(DATA LISTING begins)

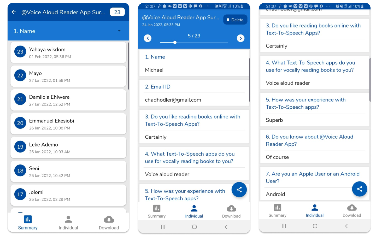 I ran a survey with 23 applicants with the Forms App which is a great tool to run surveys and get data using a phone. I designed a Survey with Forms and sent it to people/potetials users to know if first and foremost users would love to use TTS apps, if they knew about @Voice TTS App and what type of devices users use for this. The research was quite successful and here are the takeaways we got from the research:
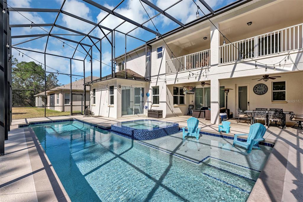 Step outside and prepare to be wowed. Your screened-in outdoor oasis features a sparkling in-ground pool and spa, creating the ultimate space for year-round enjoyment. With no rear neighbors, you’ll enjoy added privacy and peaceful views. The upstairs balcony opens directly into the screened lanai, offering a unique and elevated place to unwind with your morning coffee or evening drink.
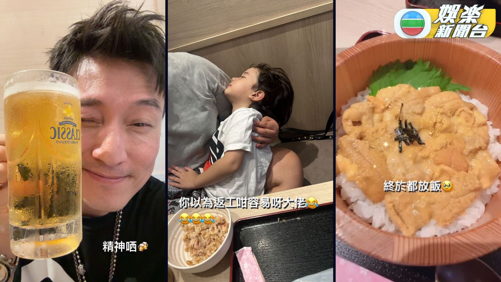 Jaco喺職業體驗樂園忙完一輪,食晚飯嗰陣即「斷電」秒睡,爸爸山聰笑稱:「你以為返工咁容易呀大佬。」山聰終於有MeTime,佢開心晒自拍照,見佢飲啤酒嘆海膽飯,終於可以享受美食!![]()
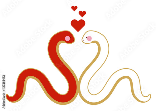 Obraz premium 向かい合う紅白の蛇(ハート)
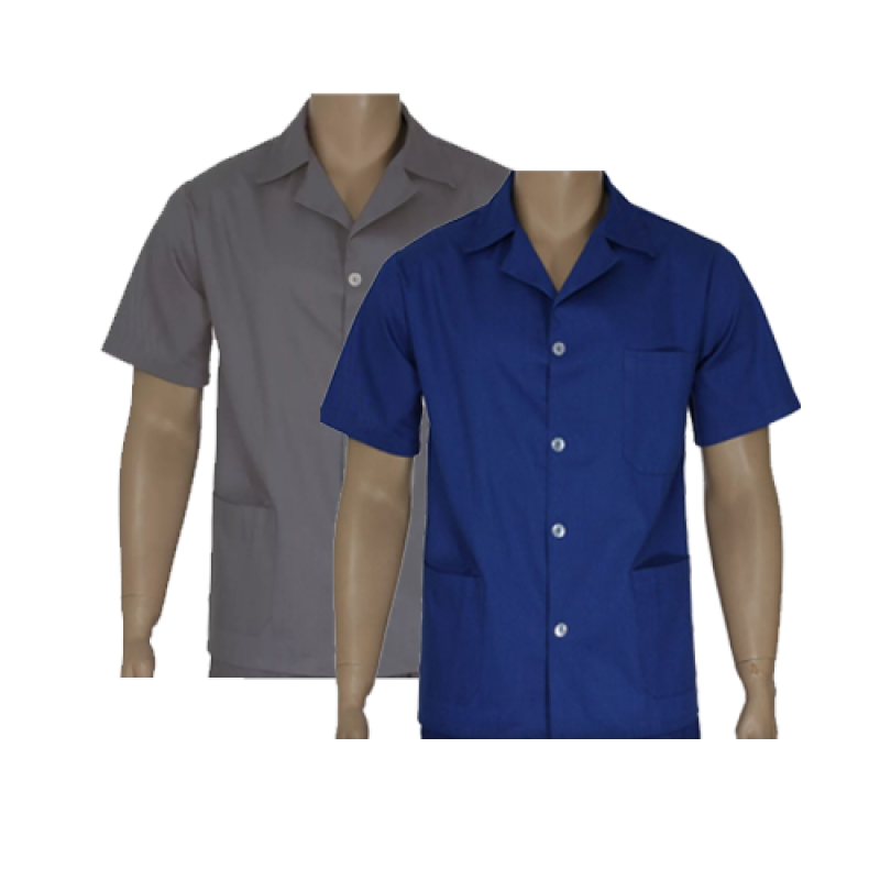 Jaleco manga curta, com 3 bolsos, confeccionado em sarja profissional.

(DATA LISTING ends)
(DATA LISTING begins)

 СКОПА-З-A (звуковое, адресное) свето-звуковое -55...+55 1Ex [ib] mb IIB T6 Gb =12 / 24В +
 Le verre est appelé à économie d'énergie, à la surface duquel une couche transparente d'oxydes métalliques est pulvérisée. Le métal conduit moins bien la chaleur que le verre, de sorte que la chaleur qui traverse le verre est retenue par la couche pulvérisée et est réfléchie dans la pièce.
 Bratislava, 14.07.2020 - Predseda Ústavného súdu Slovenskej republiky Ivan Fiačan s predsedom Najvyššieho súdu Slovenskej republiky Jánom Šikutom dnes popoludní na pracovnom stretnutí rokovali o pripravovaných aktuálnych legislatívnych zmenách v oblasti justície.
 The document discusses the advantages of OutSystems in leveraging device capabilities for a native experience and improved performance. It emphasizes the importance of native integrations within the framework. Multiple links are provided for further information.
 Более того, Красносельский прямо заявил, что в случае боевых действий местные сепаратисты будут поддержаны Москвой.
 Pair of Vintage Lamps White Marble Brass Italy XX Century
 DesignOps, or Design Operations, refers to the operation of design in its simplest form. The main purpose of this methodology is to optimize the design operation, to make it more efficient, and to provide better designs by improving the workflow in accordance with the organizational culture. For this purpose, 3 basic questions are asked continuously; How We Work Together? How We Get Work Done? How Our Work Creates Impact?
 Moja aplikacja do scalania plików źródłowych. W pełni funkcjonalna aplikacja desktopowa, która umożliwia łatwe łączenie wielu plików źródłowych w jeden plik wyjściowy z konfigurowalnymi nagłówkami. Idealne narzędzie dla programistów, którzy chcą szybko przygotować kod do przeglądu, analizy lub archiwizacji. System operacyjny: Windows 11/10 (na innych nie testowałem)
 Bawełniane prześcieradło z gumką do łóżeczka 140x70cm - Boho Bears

(DATA LISTING ends)

DIRECTIONS:
Looking at the data above, return every line from the one with "Более того, Красносельский" down to the one with "Bawełniane prześcieradło z", exactly and inclusively.

ANSWER BOX:
 Более того, Красносельский прямо заявил, что в случае боевых действий местные сепаратисты будут поддержаны Москвой.
 Pair of Vintage Lamps White Marble Brass Italy XX Century
 DesignOps, or Design Operations, refers to the operation of design in its simplest form. The main purpose of this methodology is to optimize the design operation, to make it more efficient, and to provide better designs by improving the workflow in accordance with the organizational culture. For this purpose, 3 basic questions are asked continuously; How We Work Together? How We Get Work Done? How Our Work Creates Impact?
 Moja aplikacja do scalania plików źródłowych. W pełni funkcjonalna aplikacja desktopowa, która umożliwia łatwe łączenie wielu plików źródłowych w jeden plik wyjściowy z konfigurowalnymi nagłówkami. Idealne narzędzie dla programistów, którzy chcą szybko przygotować kod do przeglądu, analizy lub archiwizacji. System operacyjny: Windows 11/10 (na innych nie testowałem)
 Bawełniane prześcieradło z gumką do łóżeczka 140x70cm - Boho Bears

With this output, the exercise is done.